I.T. Spices The LINUX Way

Python In The Shell: The STEEMIT Ecosystem – Post #98

THE BEAUTY OF PYTHON AND LINUX SHELL COMBINED

In continuation as per the previous post here:

https://steemit.com/blockchain/@lightingmacsteem/3vfqfb-i-t-spices-the-linux-way

After all the lines counting and identification on the previous lines of python codes, it is time to use such data to extract said JSON lines and save it to a temp file:

1 ###EXTRACT THE LINE STARTING FROM MAXID UP TO LAST AND SAVE TO DESTFILE
2 ###DELETE DESTFILE FIRST IF EXIST
3 try:
4   os.remove(destfile)
5 except OSError:
6   pass
7 if int(line) != 0:
8   eee = ("sed -n '" + str(line) + "," + str(lastline) + "p;" + str(endline) + "q' " + insertfile + " > " + destfile)
9   os.system(eee)
10 else:
11  print('LINE is equal or greater than COUNTLINE.......')



JSON Lines Extraction And Saving To A File

1 ###EXTRACT THE LINE STARTING FROM MAXID UP TO LAST AND SAVE TO DESTFILE
2 ###DELETE DESTFILE FIRST IF EXIST

Lines 1 and 2 are just comments once again telling us that the said lines will extract certain line numbers from the source file and save it to a temp file. The temp file if it exists, will be deleted first before writing a new one.


3 try:
4   os.remove(destfile)
5 except OSError:
6   pass

Lines 3 to 6 are try lines. In python a try is a very useful command to be able to capture any errors and so that the script will not exit prematurely. If something will go wrong here, then do not exit just go to the other line. Of course this is a very simple deletion of the temp file, just to tell python that if the file does not exist then do not bother to exit, just continue on to the except line.


7 if int(line) != 0:
8   eee = ("sed -n '" + str(line) + "," + str(lastline) + "p;" + str(endline) + "q' " + insertfile + " > " + destfile)
9   os.system(eee)

Lines 7 to 9 are another error capturing lines that will catch all instances if in case the line variable is not equal to zero. This is a very inclusive line as only the value zero of the line variable can render this script not acting at this routine. This routine is another one-shot go using the sed command of the linux shell, extracting only specific JSON lines in the fastest way possible, the results of which will be saved into the destfile variable.

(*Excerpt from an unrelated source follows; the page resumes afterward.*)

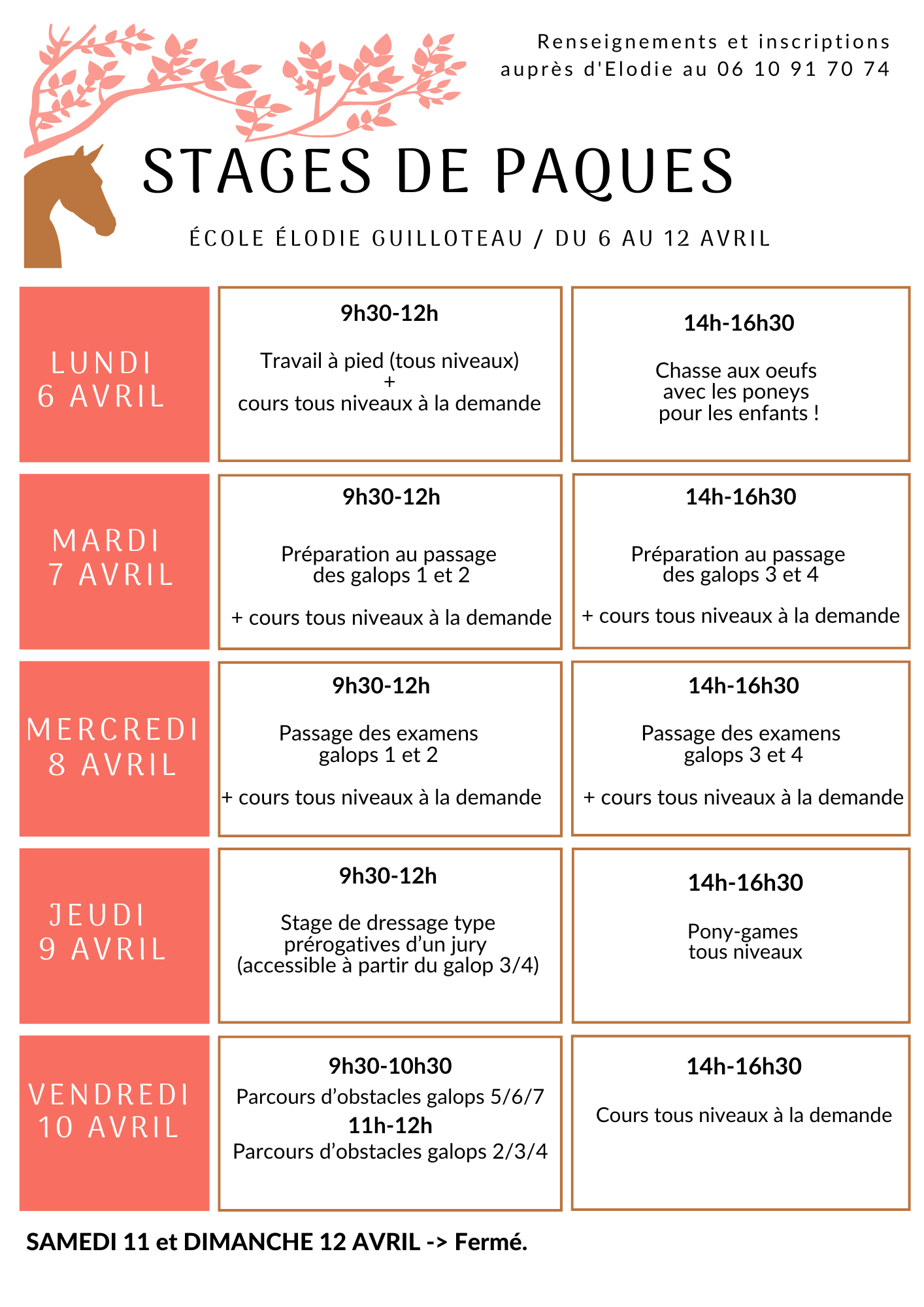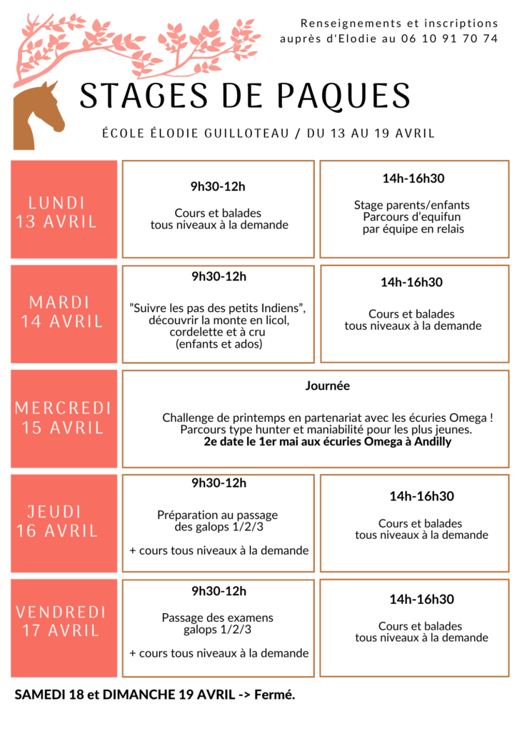 Le programme des vacances d’Avril
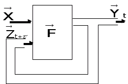 Та же самая экспертная система определения профессиональной пригодности, но с условием, что значение о профессиональной пригодности зависит от ранее полученных ответов. Такие экспертные системы называют самообучающимися, т. к. сразу правильного ответа не дают. Частным случаем конечного автомата с памятью является автомат с обратной связью по выходу. Для него вектор внутренних состояний в момент времени t+ равен вектору выходных сообщений в момент времени t. Пример конечного автомата с памятью и обратной связью по выходу приведен на рис. 11.

Once Line 9 is executed by python, we can be sure that the source file of multi-million lines of JSON blockchain records will only be extracted with 300 thousand lines and saved into a temp file.


10 else:
11  print('LINE is equal or greater than COUNTLINE.......')

Lines 10 to 11 are the executed routines if the value of the line variable is equal to zero, which will also mean that the database is still empty of course. We are just printing any info here of the line numbers.


JSON Lines Extraction Is Now Done

Up to this point we are finished with the gathering of lines from the source file so that whatever it will be, the next routines will just have to examine these lines one by one from a temp file as we tell python to insert and save it to the database.

By the way, we are placing the said temp file on a memory folder in linux (/dev/shm) to make it much much faster in reads and writes, very important in the overall approach for speed and stability.

These codes may seem long due to the explanations but actually these routines are so fast once executed. We will deal with the database manipulations on the next post, this time, in pure python.

Just imagine all these routines like climbing up a ladder, one step at a time; makes things much simpler.


“Anything Made By Men Can Be Fixed By Men…….”